Thursday, 14 January 2016: 2:45 PM
La Nouvelle A ( New Orleans Ernest N. Morial Convention Center)
In this study the Weather Research and Forecasting (WRF) model is used to produce case studies of the effects of climate change on precipitation organization in the Southeast U.S. Precipitation can be organized into widespread, heavy mesoscale precipitating features (MPFs) or short-lived, isolated precipitating features (IPFs). In this study precipitation organization will be analyzed using the algorithm described in Rickenbach et al. (2015) which classifies precipitation into MPFs and IPFs. In general, MPFs tend to be more common during the winter as they are linked to the large-scale forcing provided by midlatitude cyclones, while IPFs occur more often during the summer due to variations in surface heating (Rickenbach et al. 2015). Existing studies suggest that by the end of this century higher water vapor content will lead to an overall increase in precipitation, but few studies have examined changes in precipitation organization.

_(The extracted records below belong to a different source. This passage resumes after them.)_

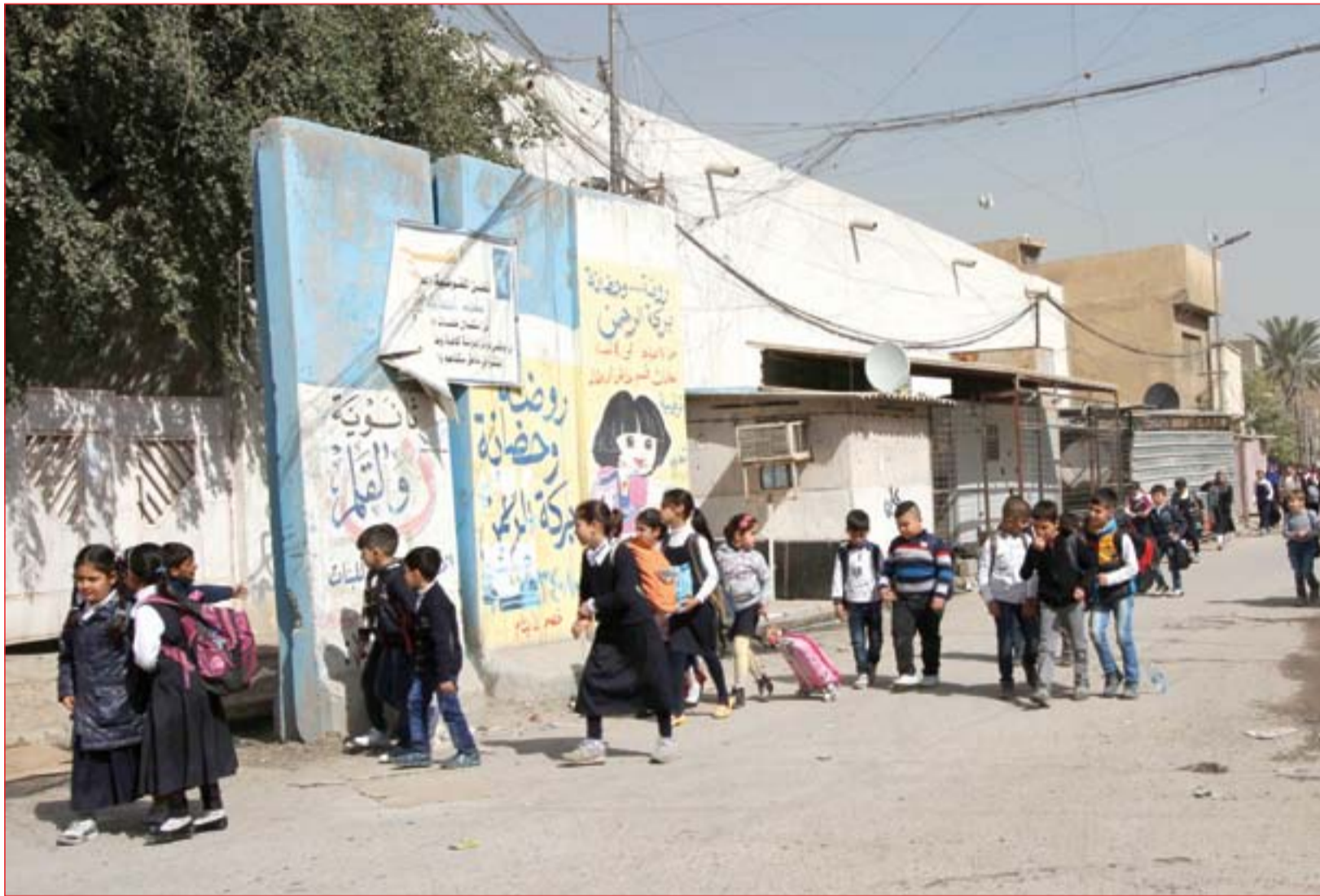
المدارس تستأنف الدوام بعد تنفيذ ضربات جوية.....

الدوري المحلي عطل ماكنة هجوم المنتخب 15 عاماً
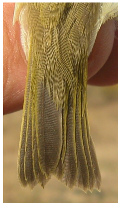
Mosquitero bilistado. Otoño. Diseño de la cola: izquierda adulto (11-X) (Foto: Pere Josa).
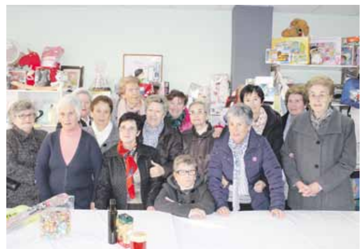
Caritaseko emakumeek tonbolako azken prestaketa lanak egiten.

erantzun bikaina izan du herrian”, aitortu dute antolatzaileek. “Gainera, jakin badakigu herritarren laguntzarik eta esker onik gabe tonbola honek ez lukeela arrakastarik izango”, baieztatu dute.
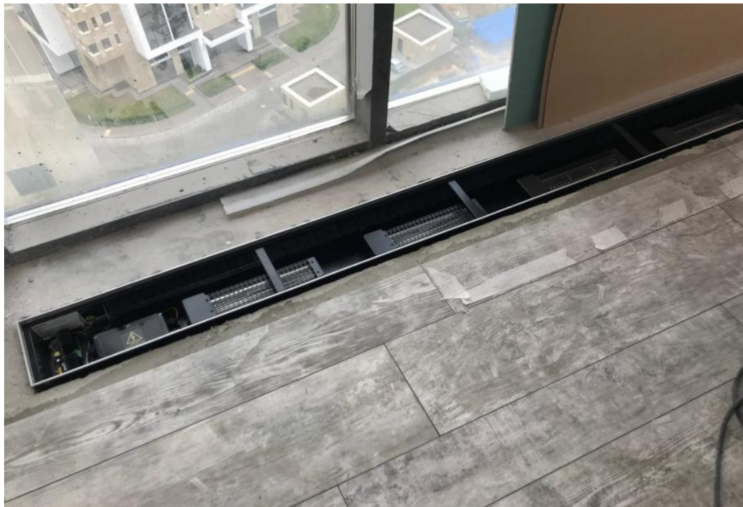
Укладка керамогранитной плитки, 08.06.2018.
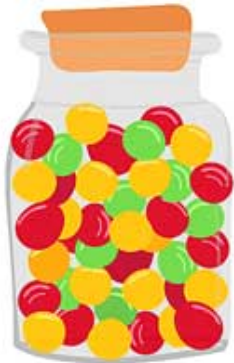
UNE BONBONNIÈRE une bonbonnière
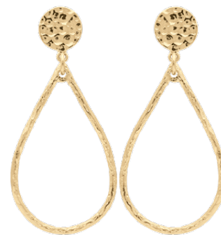
▲ Boucles d'oreilles pendantes forme goutte «cercles martelés» 1207359
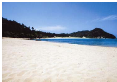
最大級の鳴き砂の浜 「琴引浜」
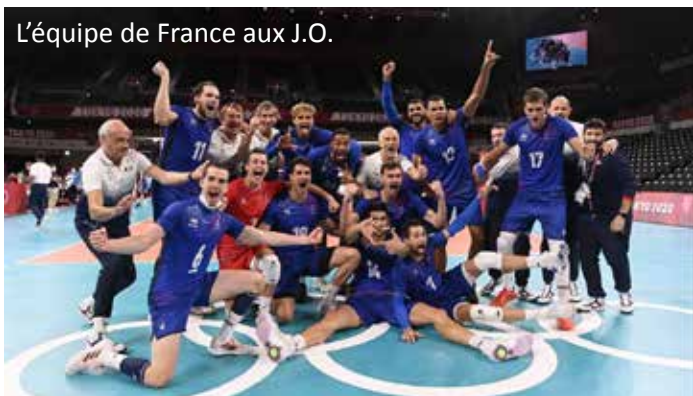
L'équipe de France aux J.O.
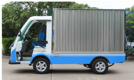
不锈钢货箱+更多车身颜色(可指定)
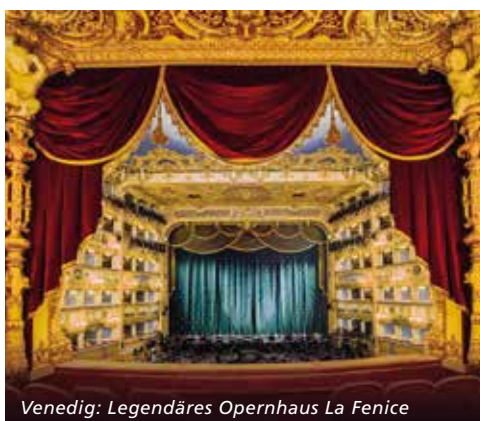
Venedig: Legendäres Opernhaus La Fenice
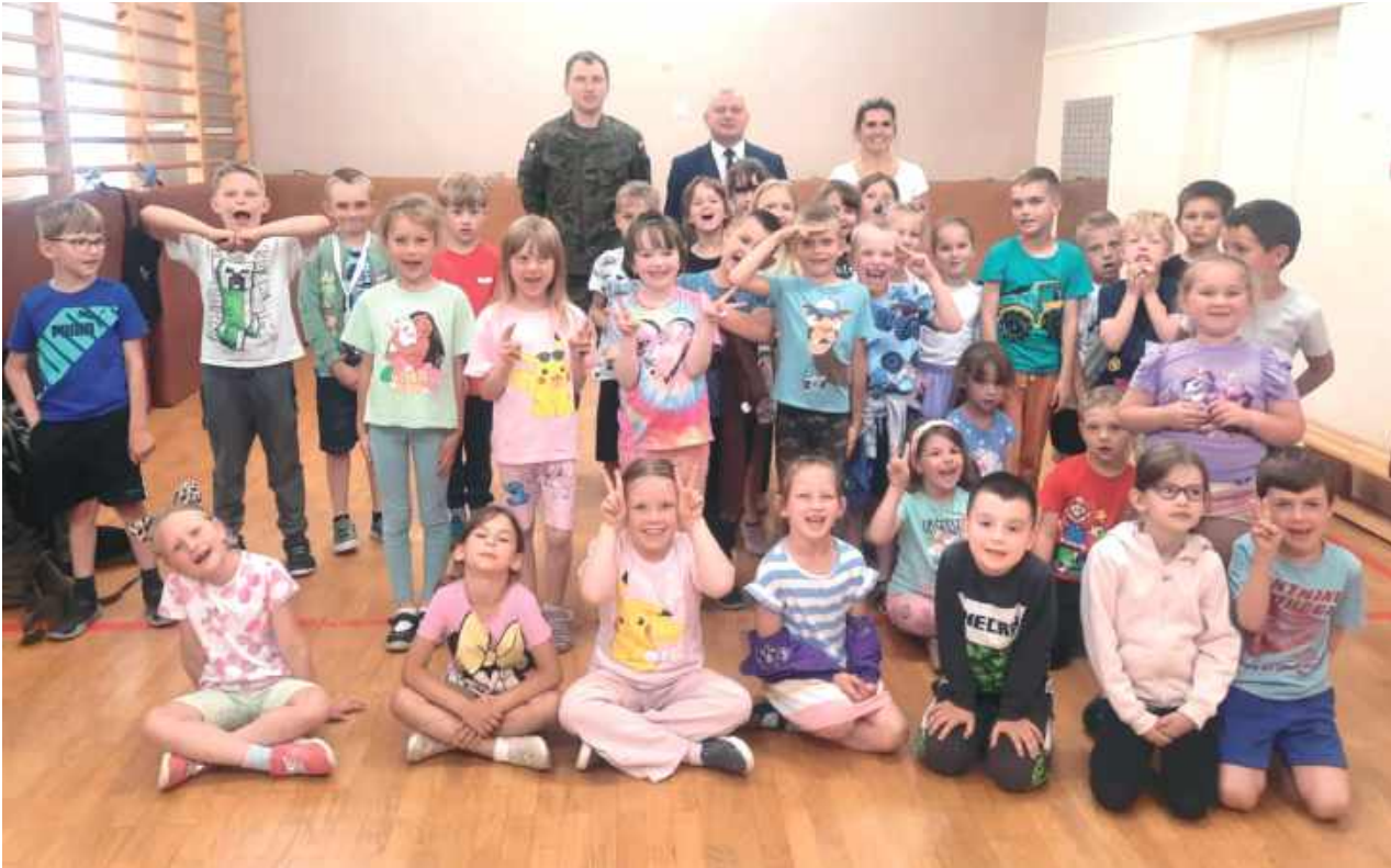
Organizatorzy spotkań z dziećmi z przedszkola w Nasutowie

Przedstawiciele Wojskowego Centrum Rekrutacji w Lublinie uczestniczyli w spotkaniach z przedszkolakami z placówek gminy Niemce. Celem ich odwiedzin było zaprezentowanie „maluchom” elementów ubioru żołnierza i opowiedzeniu o służbie.
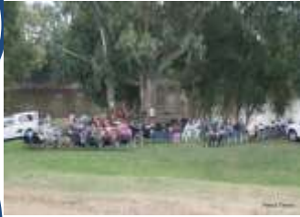
Sawanante kom bymekaar vir die ere-diens

joe, hoe sluit mens so 'n naweek af? Ons was bevoorreg om verskeie gaste van ander streke te ontvang. Daar is nuwe vriendskapsbande gesmee en die drade van die verlede weer opgetel.
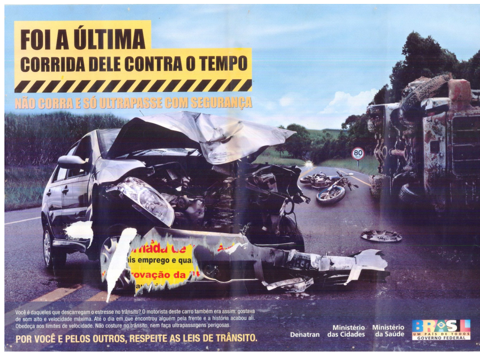
Figura 09: Anúncio DETRAN 2
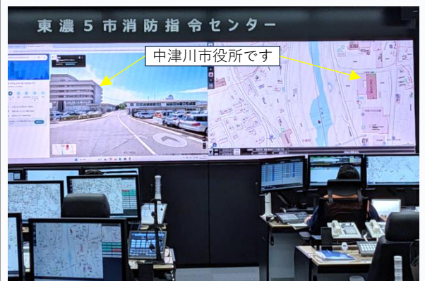
大型画面に映し出された平面図とストリートビュー

This study uses WRF to simulate notable wintertime and summertime precipitation events in the Southeast U.S. under present and future climate conditions. While present climate simulations will be initialized using real observed data, future climate simulations will be performed using the pseudo-global warming (PGW, Kimura and Kitoh 2007) approach. In the PGW approach the model's initial conditions are adjusted based on temperature projections from several CMIP5 general circulation model simulations.
A comparison between the present and future climate simulations for each precipitation event will reveal changes in precipitation organization due to climate change. It is hypothesized that the higher water vapor content in the future climate simulation will result in an increase in the number of IPFs, while MPFs will be more intense and longer-lasting.